Hugging Face is transferring the safetensors library—its secure serialization format for AI model weights—to the PyTorch Foundation, which is shepherded by the Linux Foundation. The announcement was made by Julien Chaumond, CTO of Hugging Face, via social media.
The goal of the transfer is to make the format a neutral, community-driven standard. Safetensors is designed to be a safe and fast alternative to Python's native pickle module for storing tensors, which has been a significant security vulnerability in the AI supply chain.
What Happened
Hugging Face initiated the legal and technical process to donate the Safetensors project to the PyTorch Foundation. The PyTorch Foundation, part of the Linux Foundation, will become the new steward of the library's governance, development, and maintenance.
Context
Safetensors was created by Hugging Face to address a critical security flaw: the widespread use of pickle to save and load PyTorch model weights. The pickle format can execute arbitrary code during deserialization, making downloaded models a potential vector for malware. Safetensors stores only the raw tensor data with a secure header, eliminating this risk while also offering performance benefits in loading speed.
Since its introduction, Safetensors has seen rapid adoption across the open-source AI ecosystem. It is the recommended format on the Hugging Face Hub and is supported by major frameworks including PyTorch, TensorFlow, JAX, and Flax.
gentic.news Analysis
This donation is a strategic move to decouple a critical infrastructure project from a single corporate entity and solidify its position as an industry standard. By placing Safetensors under the neutral governance of the PyTorch Foundation, Hugging Face is betting that broader institutional backing will accelerate adoption and ensure its long-term maintenance, similar to how the Linux Foundation stewards other foundational open-source projects.
The timing is significant. As AI model sharing becomes ubiquitous, security concerns are paramount. The industry has been grappling with pickle-based vulnerabilities for years; standardizing on a secure alternative is a necessary step for enterprise adoption and secure deployment pipelines. This move also aligns with a broader trend of major AI players contributing key technologies to foundations to foster ecosystem growth while reducing perceived vendor lock-in. For practitioners, this transfer should increase confidence in the format's longevity and neutrality, making it a safer default choice for model serialization.

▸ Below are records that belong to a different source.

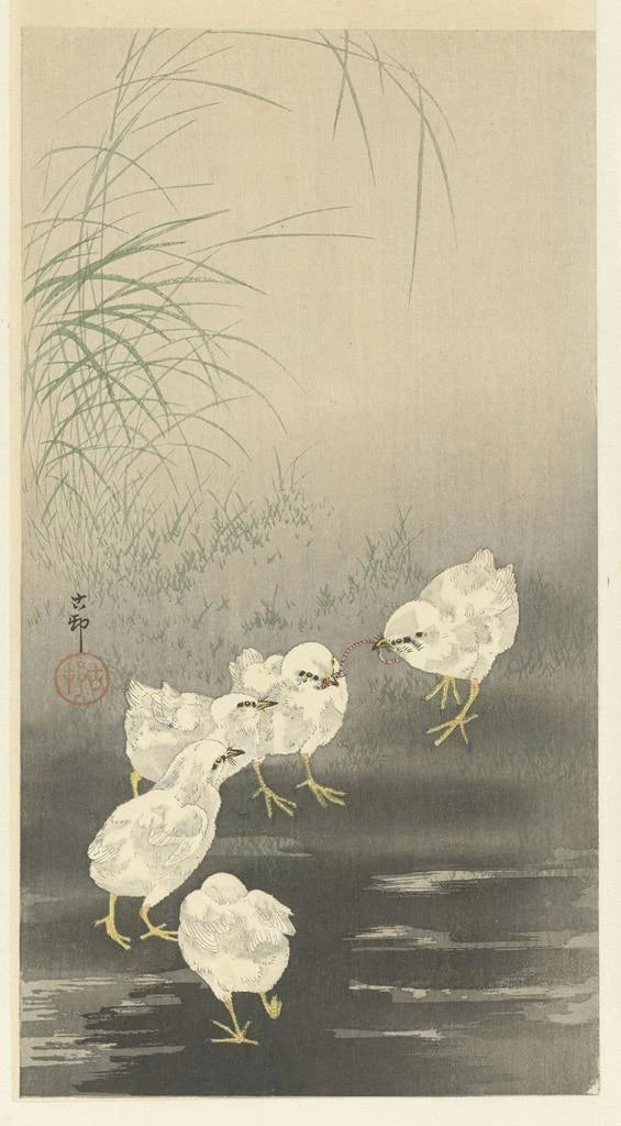 Ohara Koson, actief tijdens de Taisho-periode (1912-1926), wordt erkend als een van de grootste kunstenaars van de Japanse ukiyo-e. Geïnspireerd door de tradities van ukiyo-e, wist hij moderniteit en cultureel erfgoed te combineren, en creëerde hij werken die de vergankelijke schoonheid van de natuur vastleggen. Zijn weergaven van fauna en flora zijn doordrenkt met een unieke gevoeligheid, wat getuigt van zijn respect voor de natuurlijke wereld. Koson werd ook beïnvloed door westerse kunststromingen, waarbij hij elementen van compositie en kleur integreerde die zijn eigen stijl verrijken. Zijn werk blijft kunstenaars en kunstliefhebbers over de hele wereld inspireren en fascineren.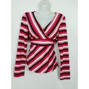 Copper Key medium pink black stripe stretch top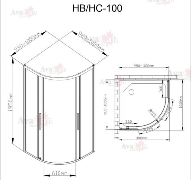 Душевой уголок AvaCan C01 100x100 см купить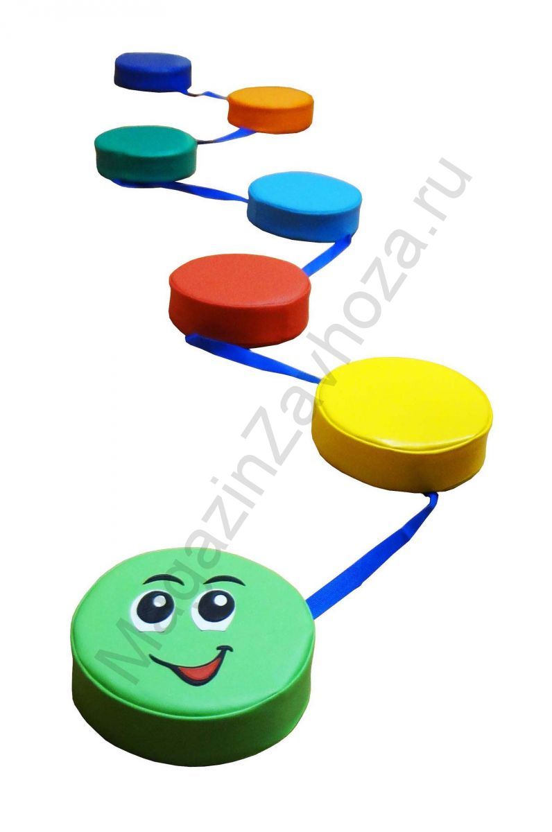 Размер (см): 24*10. Змейка-шагайка состоит из семи мягких ярких таблеток, соединенных между собой стропой. Малыши с радостью будут шагать или прыгать с одной подушки на другую. Занятие на дорожках помогают улучшить координацию движений, ловкость, устойчивость, развивает опорно-двигательный аппарат.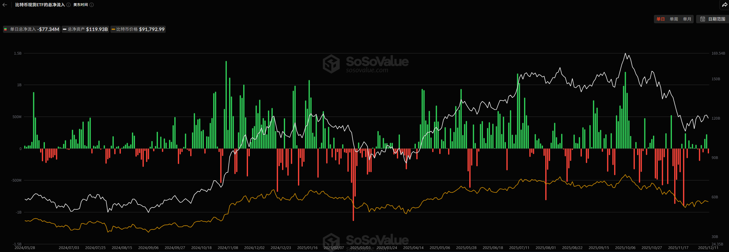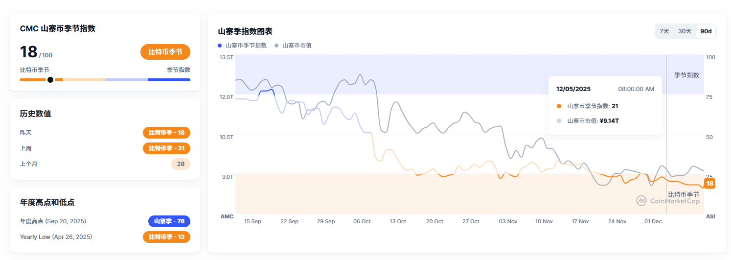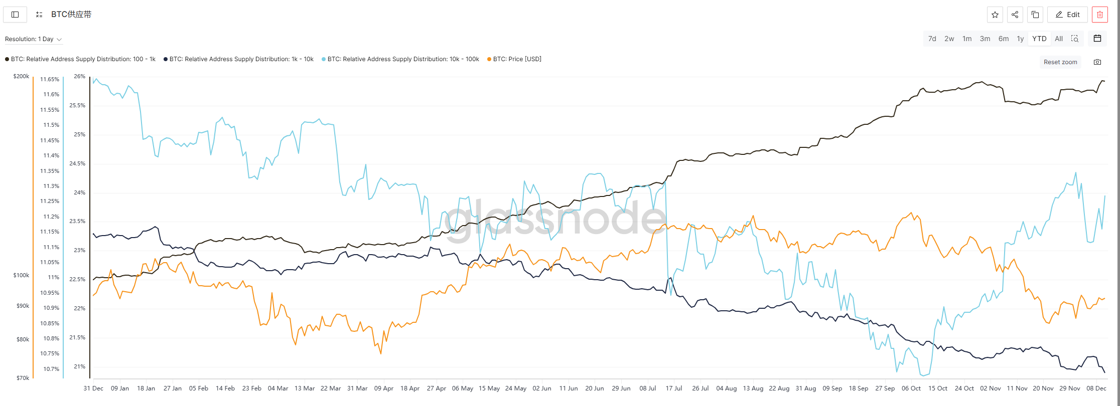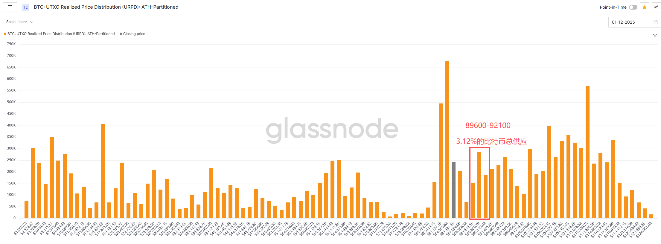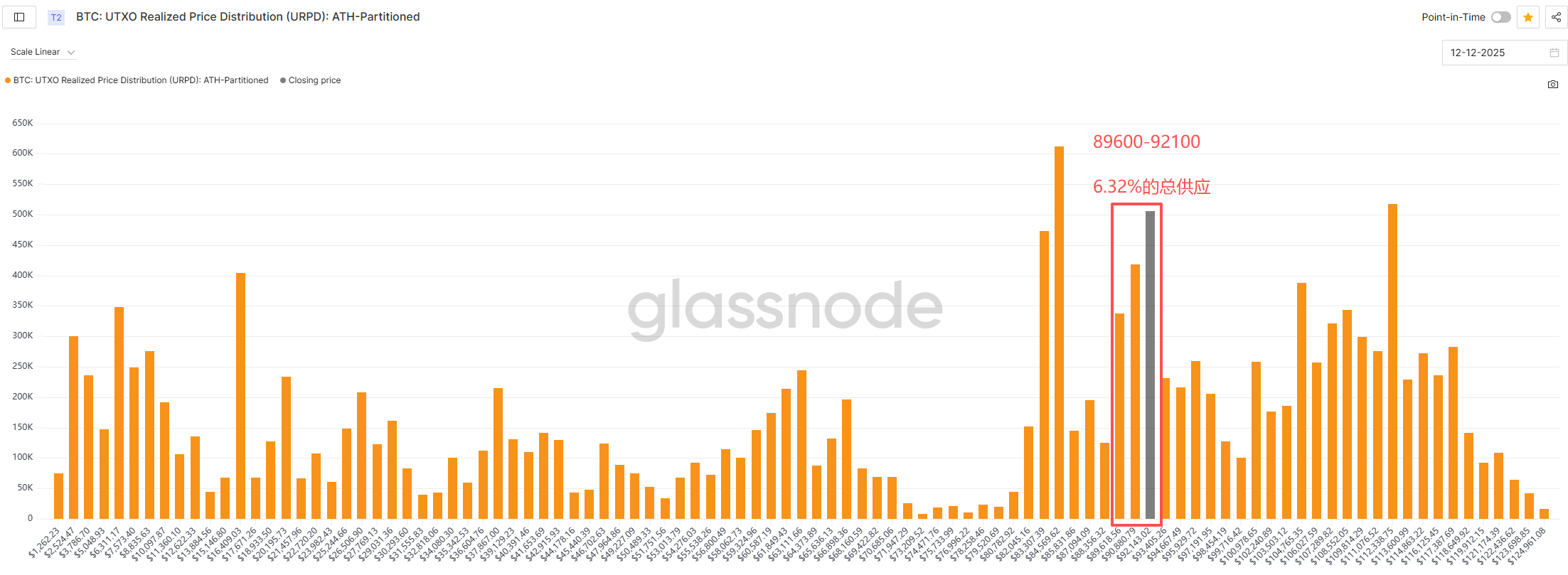- 筹码密集区:89600-92100 美元区间筹码占比达 BTC 总供应的 6.32%,较 12 月 1 日的 3.12% 增加 3.2%,多空换手激烈,行情方向选择临近。

Frequently Asked Questions
What is Safetensors?
Safetensors is a secure serialization format for tensors (the multidimensional arrays that form AI model weights). It was created by Hugging Face as a safe replacement for Python's pickle, which can execute arbitrary and potentially malicious code when loading a file. Safetensors only stores the raw numerical data, making it inherently safe to load.
Why is moving Safetensors to the PyTorch Foundation important?

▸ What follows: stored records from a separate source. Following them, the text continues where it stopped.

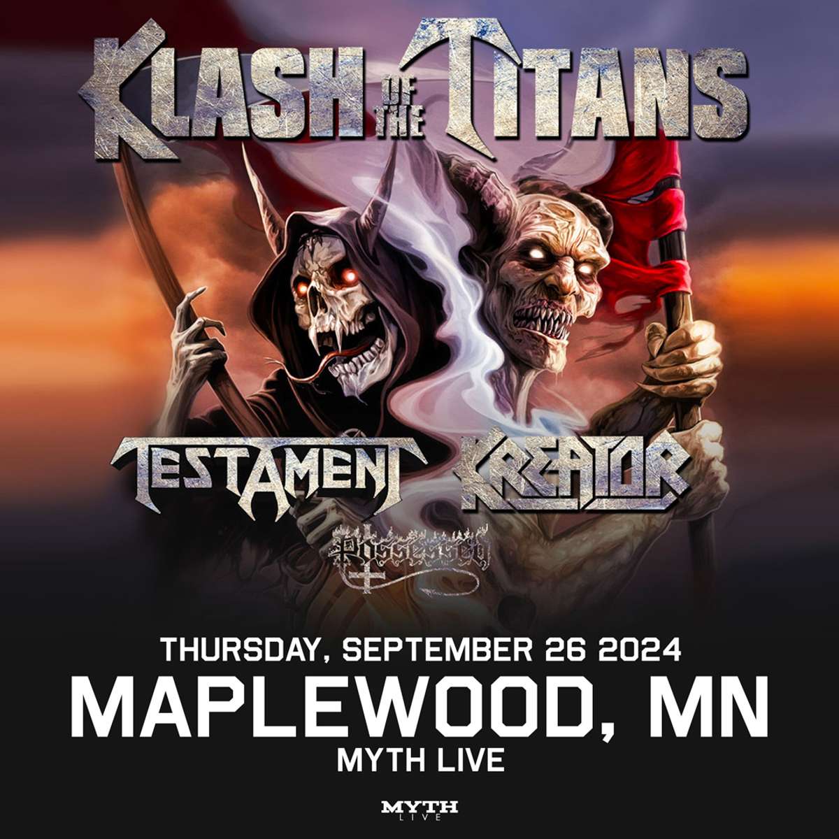 Myth Live Presents Testament & Kreator with Special Guests Possessed All Ages Doors 6pm/ Show 6:50pm Public on Sale May 3, 2024 10am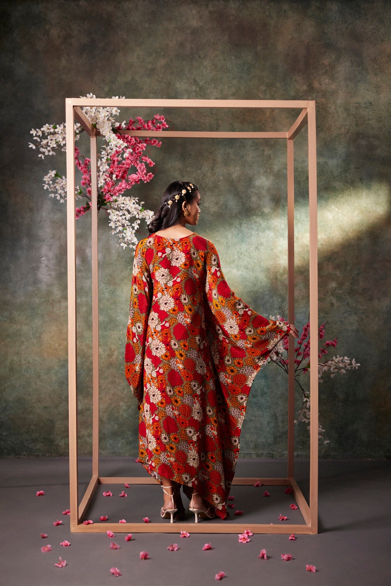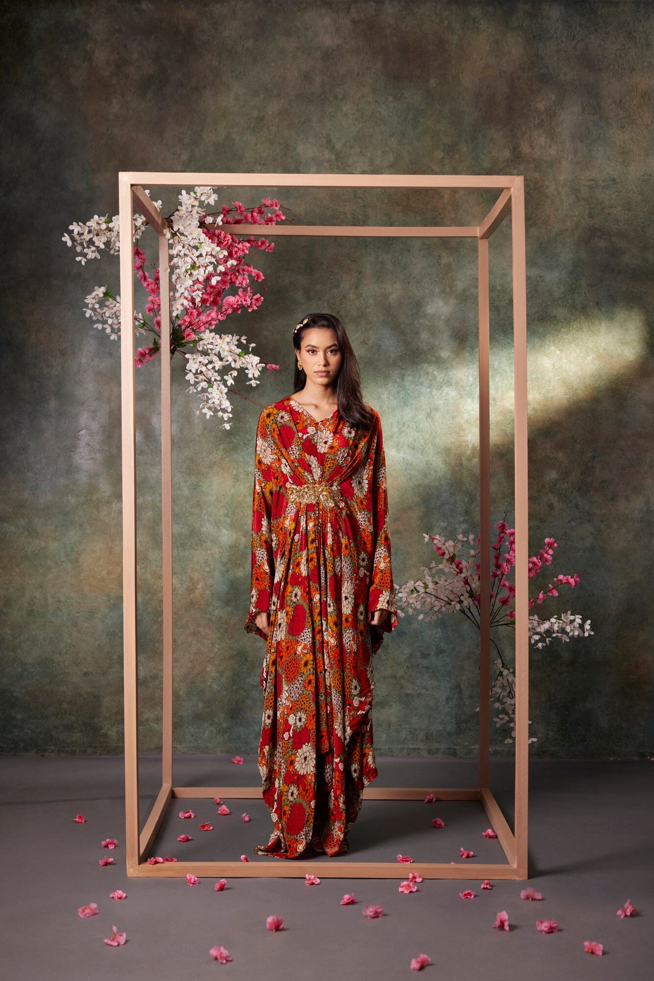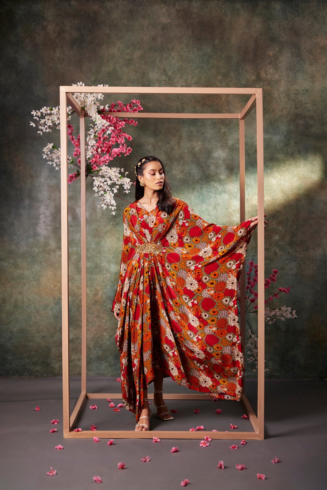 Orange Printed Anarkali And Dupatta Set With Embroidery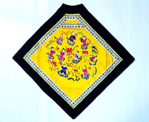 也称“兜肚”以正方或菱形的衣片,有素色和刺绣纹样之分,贴身护在胸乳腹部位,有束带套于后颈,左右两角装有绳带,系于后背,还有有袋无袋之分,袋中通常装有姜桂及麝香等药物,用作治腹部冷痛虚寒。 。
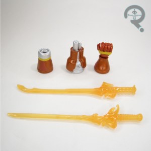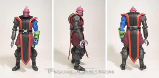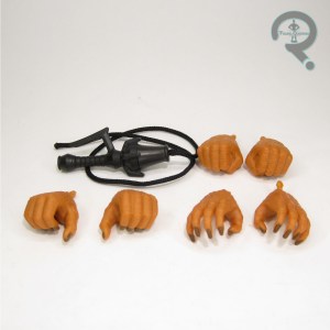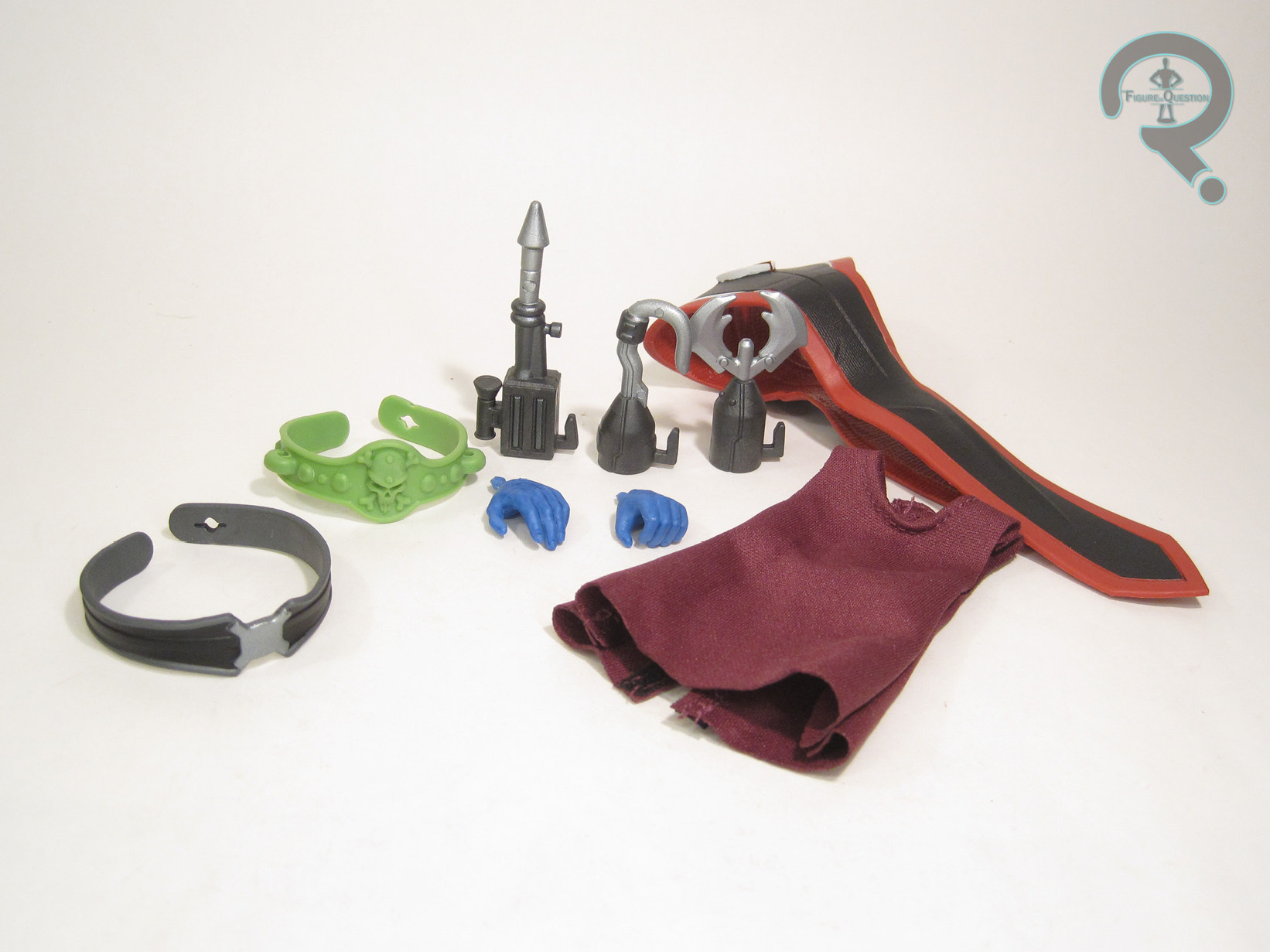 modernized edge, with his armor all getting a metallic finish. There’s also some pretty solid accent work on the face, the loincloth, and the boots, which adds some more depth and dimension. Clamp Champ is packed with two sets of hands (fists and gripping), as well as his signature Techno Clamp. The clamp is a bit changed up from prior releases; now it’s a two piece assembly, which surrounds the whole forearm, in contrast to the usual hand-held affair. The actual styling of the clamps is a little different as well. It doesn’t do the spring forward capture gimmick, instead just being a more conventional springy clamp.

Transferring the project to a foundation neutralizes its governance. It is no longer a "Hugging Face project" but a community standard stewarded by a non-profit entity (the PyTorch Foundation under the Linux Foundation). This encourages broader trust, wider contribution, and ensures the project's development aligns with the needs of the entire PyTorch and open-source AI ecosystem, not a single company.
Do I need to change how I use Safetensors?

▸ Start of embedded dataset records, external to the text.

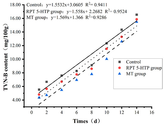 By determining the TVB-N content in meat samples stored at 4 °C at different time intervals (1, 2, 4, 6, 8, 10, and 12 days), and taking the time when TVB-N reaches 15 mg/100 g as specified in the national food safety standard GB 2707-2016 [24] as the standard, the linear equations of TVB-N content for the control group, RPT 5-HTP group, and MT group were obtained through the standard curve. Subsequently, the specific time for the TVB-N value of each group to reach 15 mg/100 g was further calculated.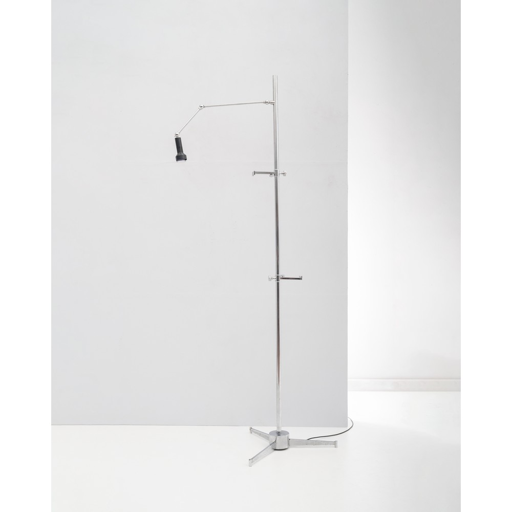 Lampada da terra ad una luce modello “12377” (“Cavalletto”), ottone, alluminio laccato.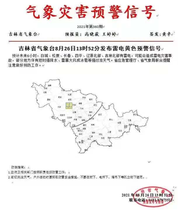 吉林省气象台8月26日13时52分发布雷电黄色预警信号:预计未来6小时,白城、松原、长春、四平、辽源北部、吉林北部有雷电,可能会造成雷电灾害事故,部分地方伴有短时强降水、雷暴大风或冰雹等强对流天气。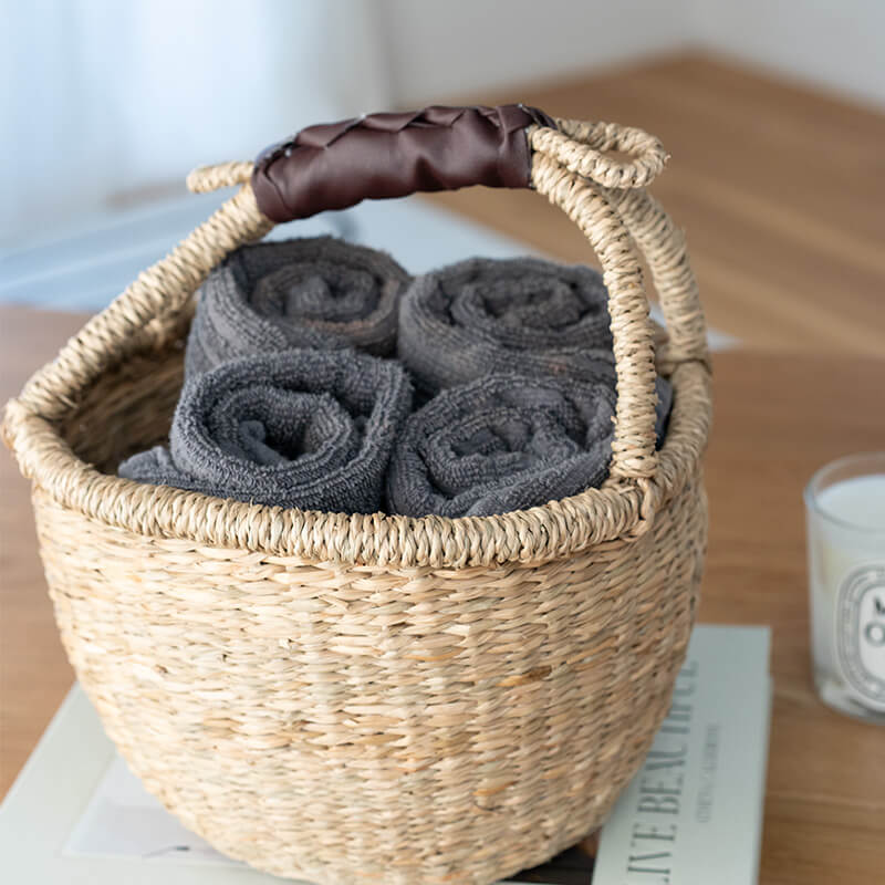 しなやかなシーグラスを手編みしたバスケット。丈夫で高い耐久性を誇ります。シーグラスは通気性良好で食品のストック場所としてもご活用いただけます。スタイリッシュで南国の雰囲気を感じさせるデザインはインテリアにも馴染みます。

For most users, no immediate change is required. The library's API and functionality are expected to remain consistent. The primary change is in the project's governance and long-term maintenance structure. The goal is a seamless transition that provides greater stability and community input moving forward.
What frameworks support Safetensors?
Safetensors has broad framework support. It works natively with PyTorch, and libraries exist for TensorFlow, JAX, and Flax. Its design as a simple, framework-agnostic format for storing raw tensor data is a key reason for its widespread adoption and suitability as a cross-framework standard.